In the first case, where a person has one normal and one altered gene, a person is said to be a carrier; in the second case, where no normal gene is present, the person is said to have autosomal recessive retinitis pigmentosa.
With carrier parents, neither parent is affected by retinitis pigmentosa (RP) so neither one will develop it during his or her lifetime. Nonetheless, the recessive trait for retinitis pigmentosa, while not expressed due to the presence of a 'normal' gene, is still part of their genome and may be passed to the next generation. In fact, with each child born to a carrier, there is a 50 percent chance of a carrier parent passing an RP mutant autosomal recessive chromosome to his or her offspring.
The result - the child will not develop retinitis pigmentosa unless his or her other parent also provides an autosomal recessive chromosome. In autosomal recessive RP, it takes both chromosomes of a chromosome pair for a child to have RP. As long as there is one normal copy of the gene, the child will only be a carrier.
Example
This is best illustrated by the following example. When both parents are carriers for the autosomal recessive RP gene, there are four possible results for each child that is born.

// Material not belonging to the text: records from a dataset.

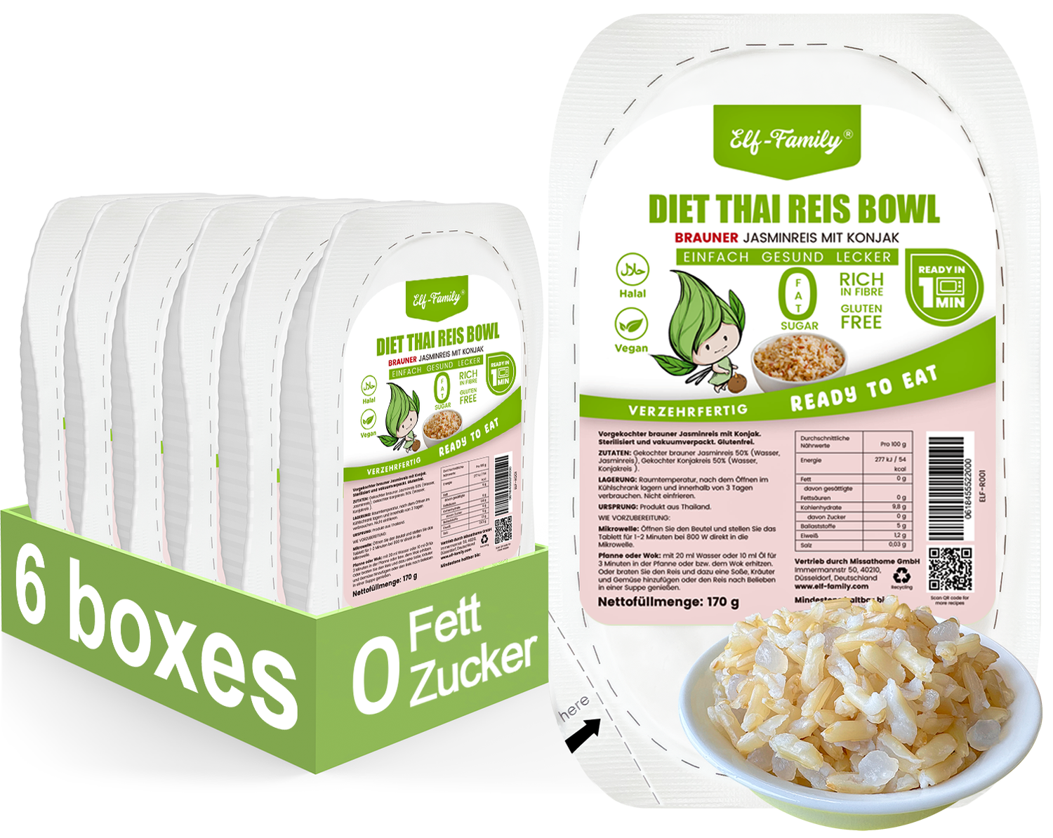 Elf-Family 170g x 6er Pack Low Carb Diät Box für 1 Woche | Brauner Jasminreis Konjak Reis Poke Bowl - für Vegan Diät, Ketogene Ernährung MHD: 07/11/2026 1.02 kg
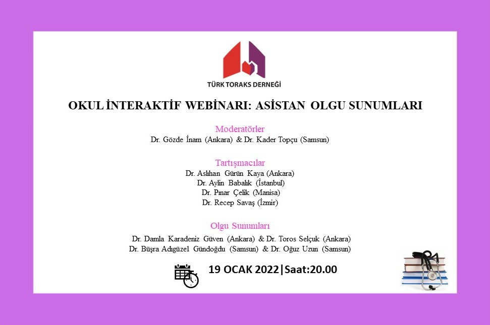 Türk Toraks Derneği okulu interaktif webinarının ilki 19 Ocak 2022 Çarşamba günü, saat 20.00 da “Asistan Olgu Sunumları” başlığı ile gerçekleştirilecek olup; katılımlarınız onur verecektir.
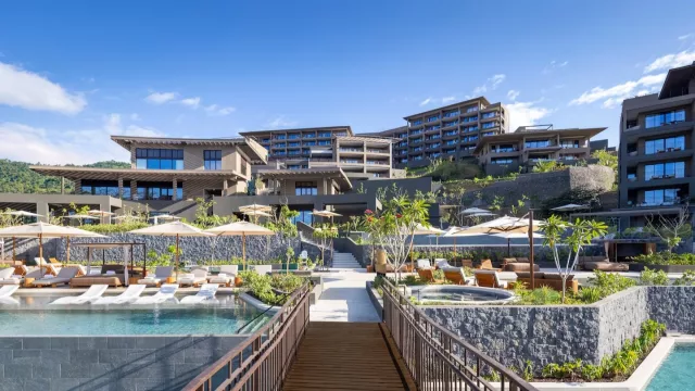 Las habitaciones (148) y suites (40) están pensadas como refugios contemporáneos donde el lujo y la calidez tropical se dan la mano. Balcones, terrazas, piscinas privadas y materiales naturales invitan a bajar un cambio y dejarse envolver por la belleza que rodea. El interiorismo se apoya en una paleta de tonos tierra, maderas nobles y textiles que evocan calma.
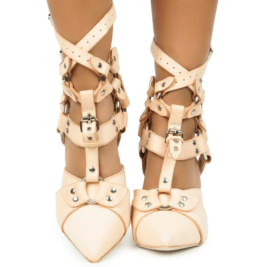 Jeffrey Campbell Rialto Natural Heel Harness Booties Natural
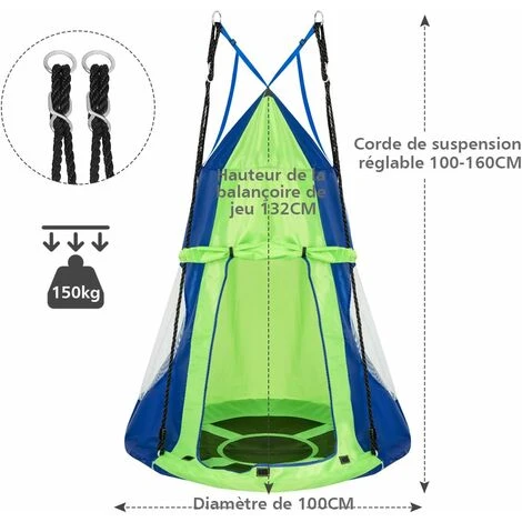 - 【Utilisation pratique】La balançoire nid d’oiseau a un diamètre 100cm, et la charge maximal 150kg, c’est une grande place pour supporter plus d’un enfant même les adultes peut utiliser cette balançoire, en outre la corde peut être réglée la hauteur de 100 à 160cm, c’est très pratique pour une famille

The probabilities do not change with the birth of each subsequent child.For arguments sake, we will pretend that it is chromosome 2 of the 22 autosomal chromosomes that contains the autosomal recessive gene for retinitis pigmentosa. We will designate 2m for mom's chromosomes and 2p for dad's chromosomes. But because mom's and dad's chromosome pairs also have maternal and paternal chromosomes, they will be differentiated by the symbols i (maternal) and ii (paternal).

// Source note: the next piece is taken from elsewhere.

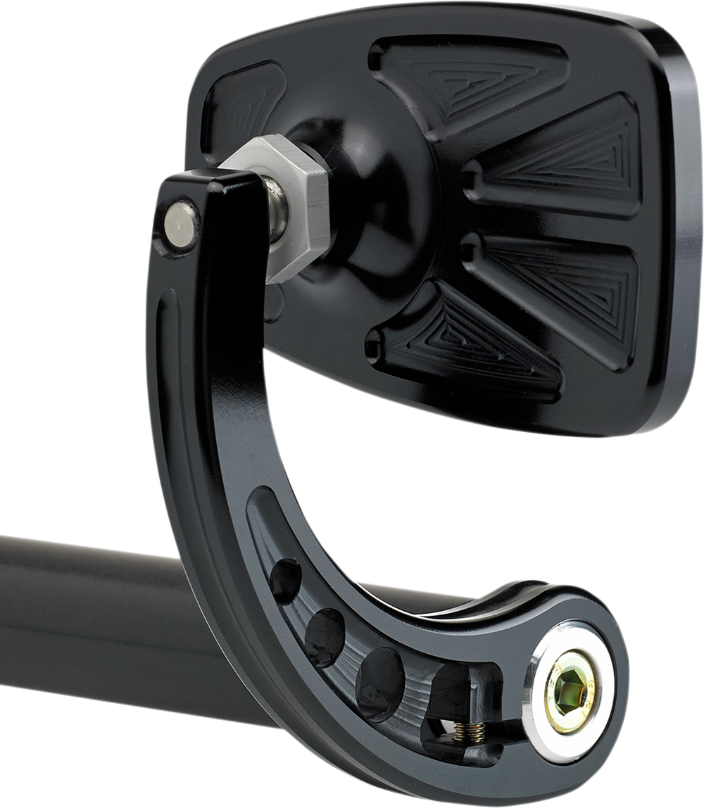 - Features a convex mirror glass

We will further designate 2mii (mom paternal) and 2pii (dad paternal) as the autosomal chromosomes that have the recessive gene for RP while the 2mi and 2pi contain normal genes. So, mom's chromosome 2 pair is represented by 2mi2mii and dad's chromosome 2 pair is represented by 2pi2pii.
When the egg (carrying either a chromosome with 2mi or 2mii not both) and sperm (carrying a chromosome with either 2pi or 2pii not both) meet during fertilization, there are four possibilities:
A closer look at the four possibilities: Affected means that the child will have autosomal recessive retinitis pigmentosa.
Generation 1
Four possibilities for 2mi2mii and 2pi2pii parentsOutcome
2mi2pi Normal. 25 % chance. The child does not have any autosomal chromosome RP gene (2mii or 2pii). Both Chromosomes are normal.

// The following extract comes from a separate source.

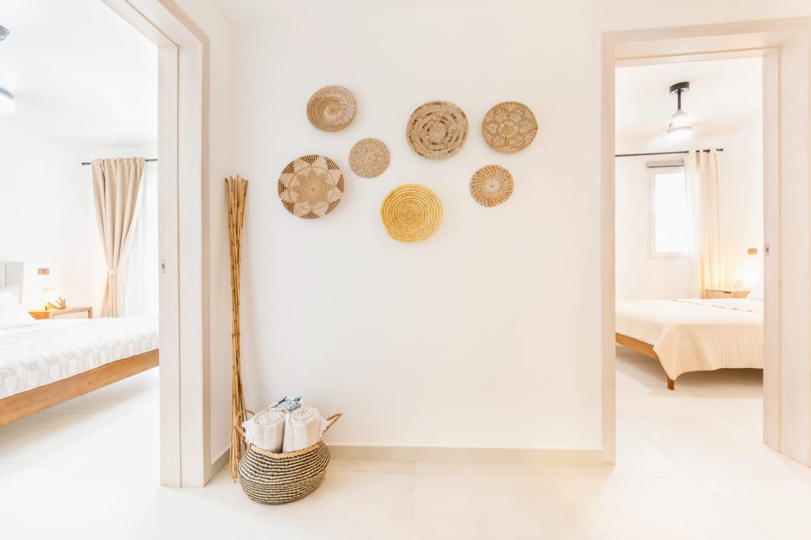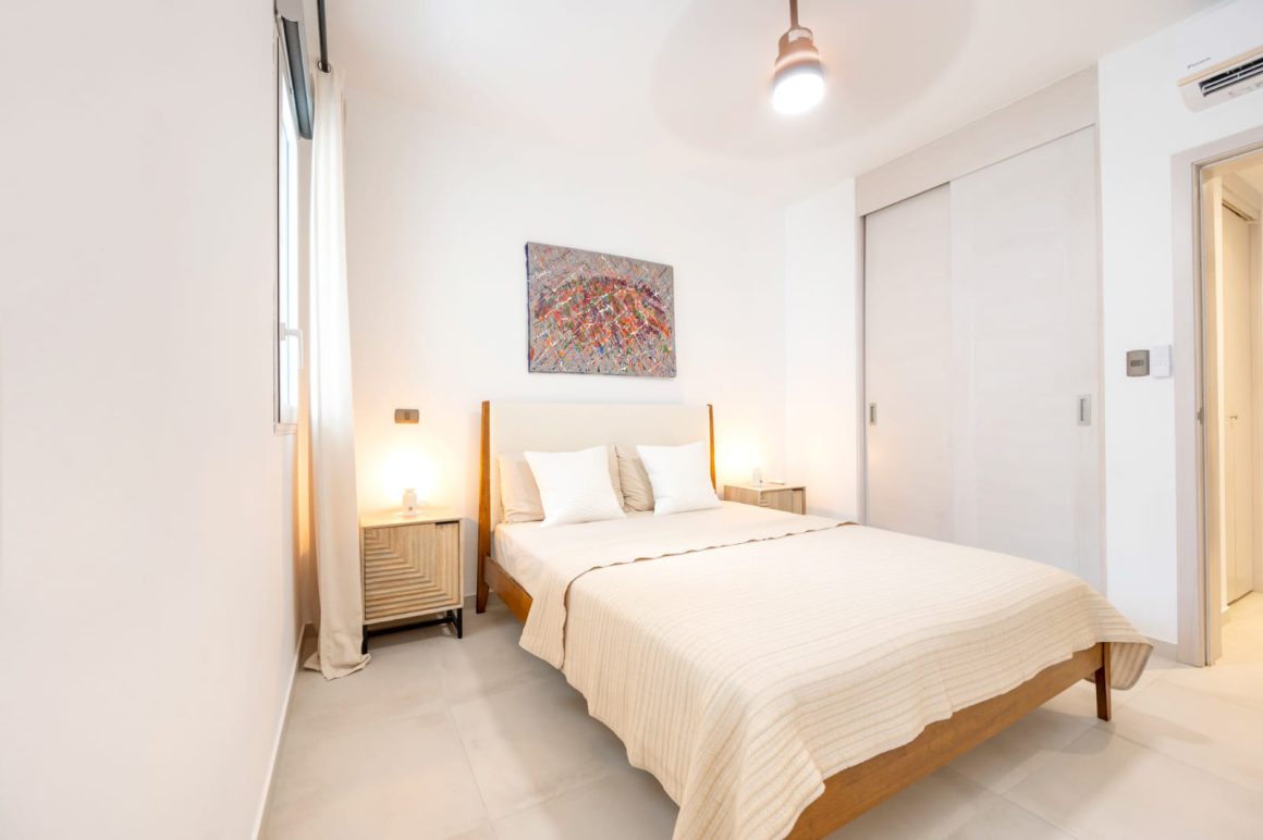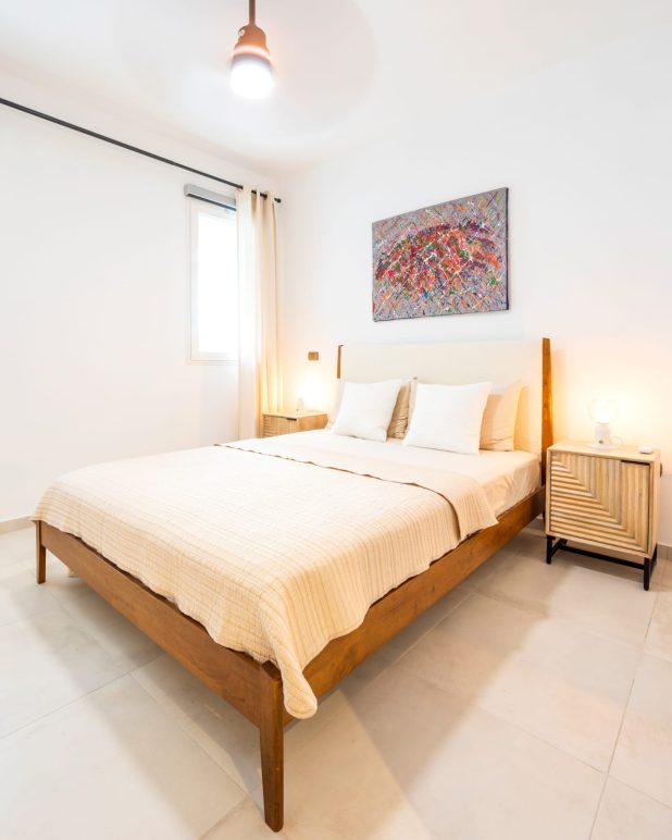 Apartament HYDRA 103 oferuje przestronne i luksusowe wnętrza zaprojektowane z myślą o najwyższym komforcie. Główna sypialnia jest wyposażona w łóżko typu king-size, dużą szafę, wentylator, klimatyzację oraz prywatny taras. To idealne miejsce na relaks po całym dniu spędzonym na słonecznych plażach. Druga sypialnia posiada wygodne łóżko typu queen-size, wentylator sufitowy, klimatyzację i przestronną szafę, zapewniając równie komfortowe warunki do wypoczynku.

2mi2pii or 2mii2pi Carrier. 50 % chance. There is one good copy (2mi or 2pi) and one mutant copy (2mii and 2pii) of the gene in each case. The normal gene is expressed.
2mii2pii Affected. 25 % chance. The child will get retinitis pigmentosa. Both copies of the gene mutation for RP (2mii and 2pii) are present. No normal gene is present to be expressed.
*This probability table remains true for the birth of each child. The birth of one child does not influence the chance of the next child being normal, a carrier or affected.
As you probably see from the above example, a child with 2 parents who have autosomal recessive retinitis pigmentosa has a 100 % chance of getting the disease. This child then has a 100% chance of passing the altered genes on to the next generation.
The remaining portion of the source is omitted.